А месяц назад Ксюше большой позвонила Катя и сказала: «Мама мыла яблоки в ванне. И умерла.
Упала уже мертвая. Придешь на похороны? Она так ничего, только лицо посинело». Ксении Сергеевне не хотелось – отвыкла от этих людей и забыла их. Но Арина была частью памяти о Лене. И она проводила ее в последний путь. И вот Катя позвонила снова: Ксюшу маленькую, давно уже Оксану Петровну, насмерть сбила машина. Невзирая на высшее образование, Арина забивала сознание чушью. Верила, к примеру, что мертвец в течение своих законных сорока дней может потребовать в компанию кого-то из близких. А готова ли была сама, прихватив на тот свет дочь, осиротить внуков и обречь Петюню на жуткие муки? Горчайшая ирония.
Теперь дочь Ксении Сергеевны мерзнет голая в дурацком белом кресле и плачет. Разве так бывает? Разве это не страшилки для малоразвитых и необразованных гражданок? За стенкой лежит в ночном забытьи парень, о котором она всегда мечтала. Им было так хорошо. Завтра она собиралась познакомить его с мамой. Ей жалко Арину, Катю, Ксюшу маленькую, Ксюшу большую, Петюню. Она понаслышке знает эти имена. Но в орбите стрясшейся беды много людей ей неизвестных. И она оказалась с ними, раз ревет, вместо того чтобы спать под боком у любимого. Почему все так глупо и неправильно? Почему чужая смерть гробит ее жизнь?..
Света издала небывалый звук, что-то среднее между хлопотливым кудахтаньем и урчанием голодной кошки, обнаружившей вдруг сырое и, главная радость, едва начавшее тухнуть мясо.
– С тобой все в порядке? – вскинулась Нинель Николаевна.
Павел Вадимович не отрывал глаз от клавиатуры. Он явно не мог вообразить, что такое можно издать горлом, и остерегался смущать девицу. А когда та радостно сообщила: «Более чем», недоверчиво на нее покосился. Свете было не до реакции окружающих. Если бы ей дано было вопить, рычать, лаять, мяукать, каркать и гоготать одновременно, никакой морозильник приличий не заморозил бы ее голосовые связки. Но она лишь хрипло прокашлялась.
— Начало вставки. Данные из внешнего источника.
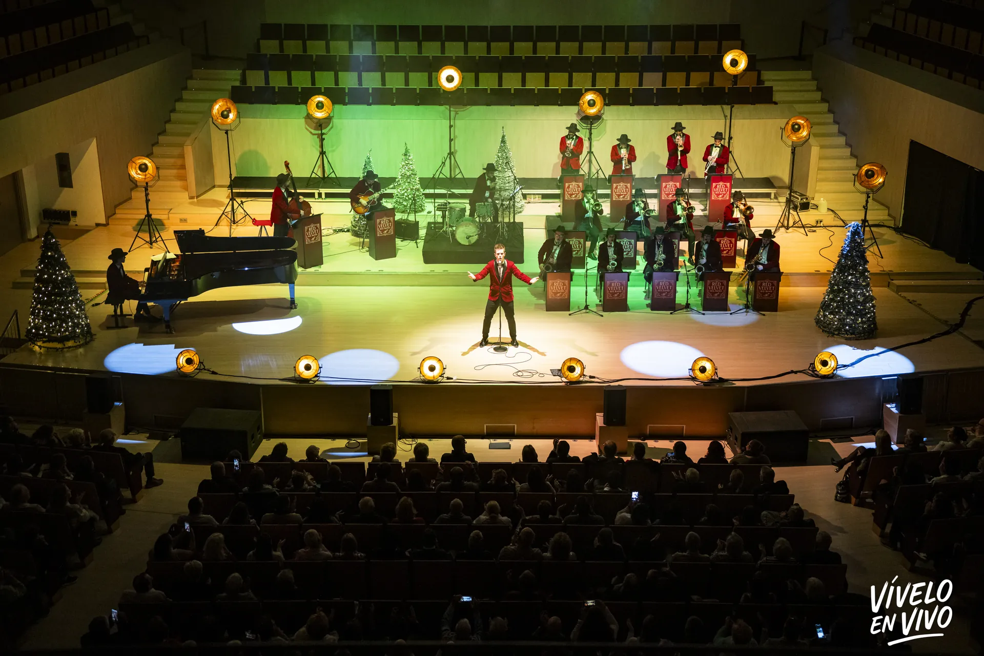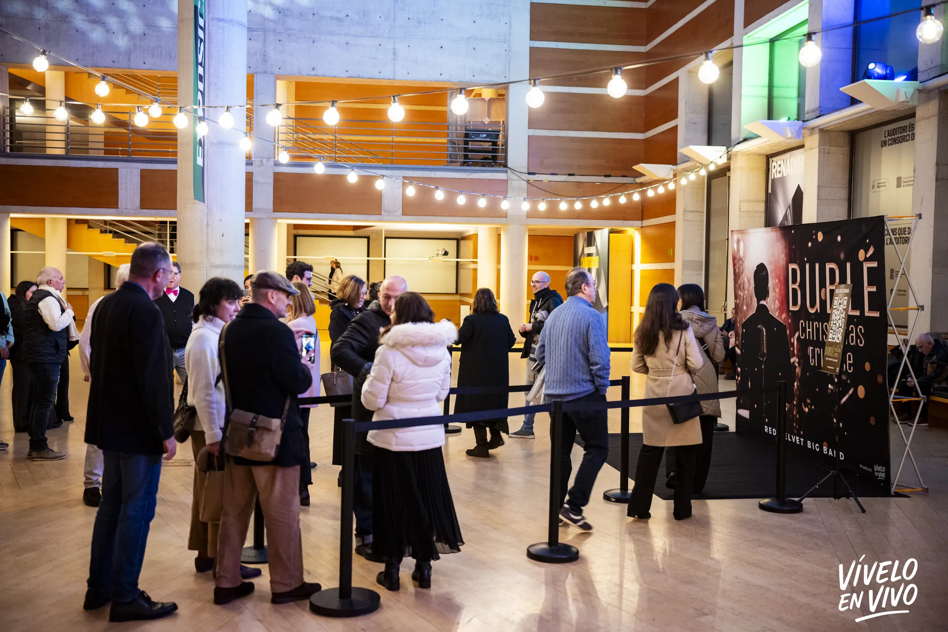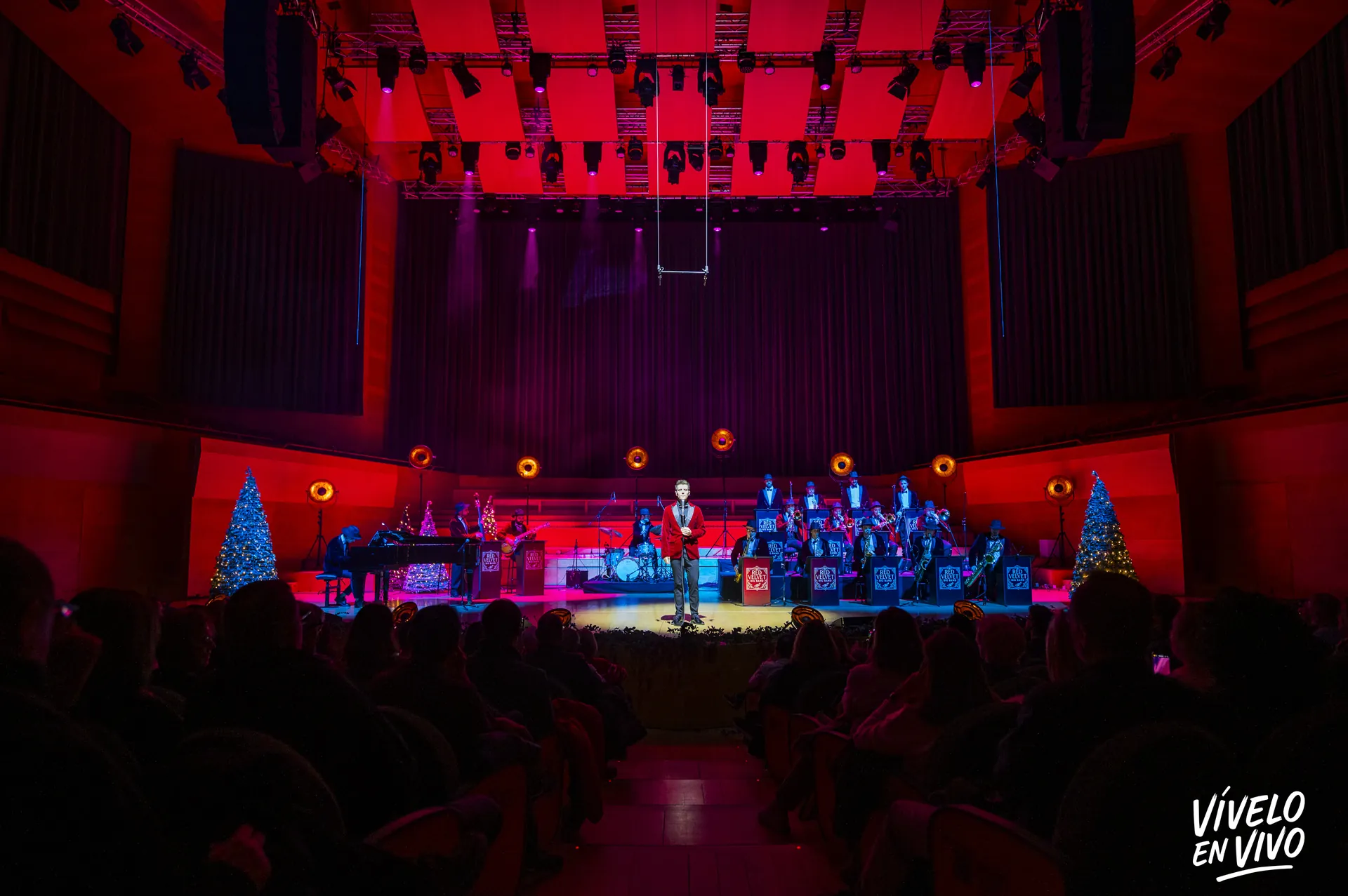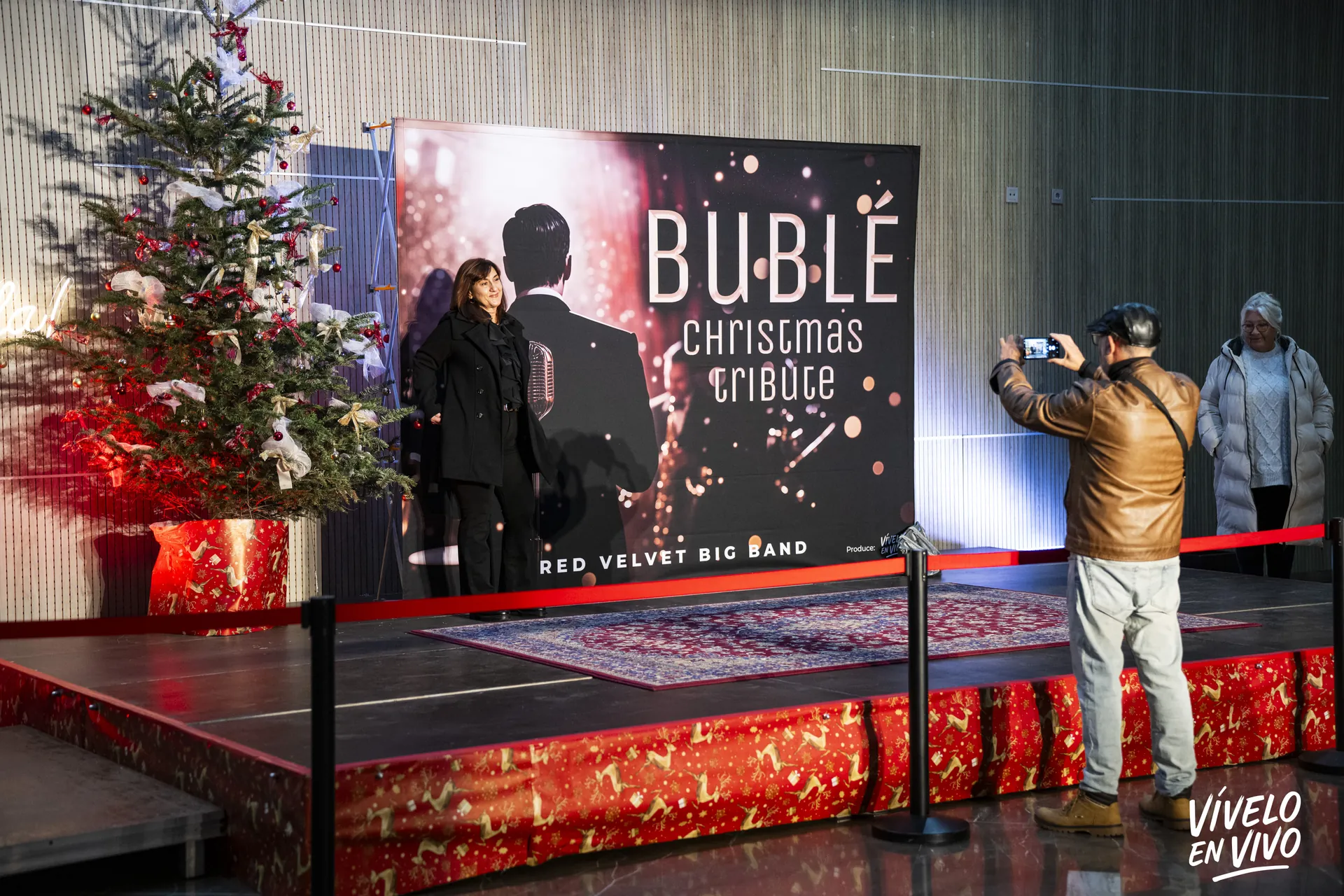 y el texto que acompaña: Vive la velada navideña más romántica y sofisticada. Bublé Christmas Tribute te invita a un viaje nostálgico al glamour de los años 40, combinando la magia de Michael Bublé con una Big Band de 17 músicos. Siente la calidez del swing, las luces tenues y la emoción de la época dorada del jazz.
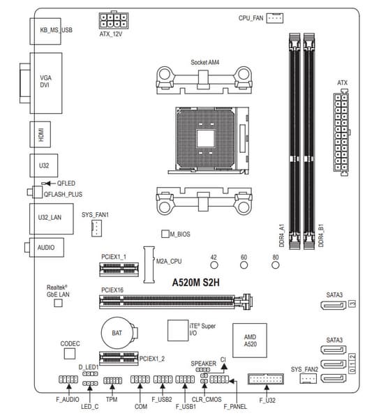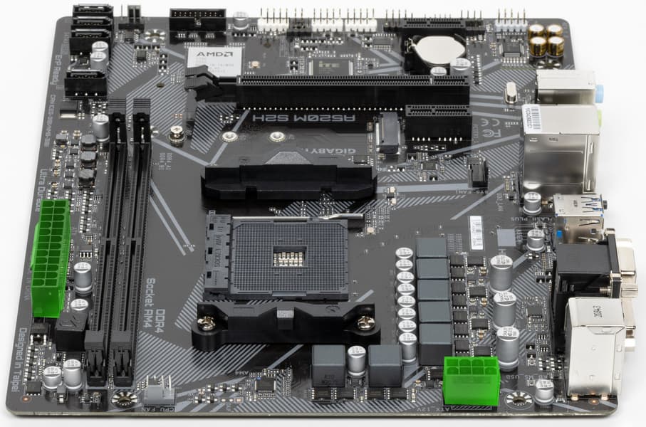 Форм-фактор Mini-ITX имеет размеры 170×170 мм, microATX до 244×244 мм, ATX до 305×244 мм, а E-ATX — до 305×330 мм. Материнская плата Gigabyte A520M-S2H выполнена в форм-факторе microATX, имеет размеры 244×205 мм, и на ней имеются 6 монтажных отверстий для установки в корпус.

Давно ли матерые редакторы говорили, чтобы не отвлекала их пробами пера? Требовали от авторов хоть зачаточного профессионализма? А она искала вот такую Елизавету Алексееву. Казалось, ее фразы бились в истерике от первого соприкосновения с непоправимостью людской участи. И чихать ей было на то, что кто-нибудь сочтет историю про Арину безвкусной выдумкой. Она еще не умела выдумывать. Все случилось на самом деле. Ее расстроенная мама предалась воспоминаниям. А у дочери, неожиданно для нее самой, они превратились в связный трогательный рассказ. Чувствовалось потрясение молодости, которой впервые довелось изложить словами чью-то цельную, настоящую земную жизнь. Тут летал восторг открытия: я могу! И плескалось слезное разочарование: значит, великие литературные образы – это не отшлифованные писательским вкусом каменные глыбы и не мозаика из кусочков цветного стекла? Никто, впав в транс вдохновения, не оформляет своей энергетикой загадочный бесплотный эфир? То есть герои романов – люди? Обалдеть!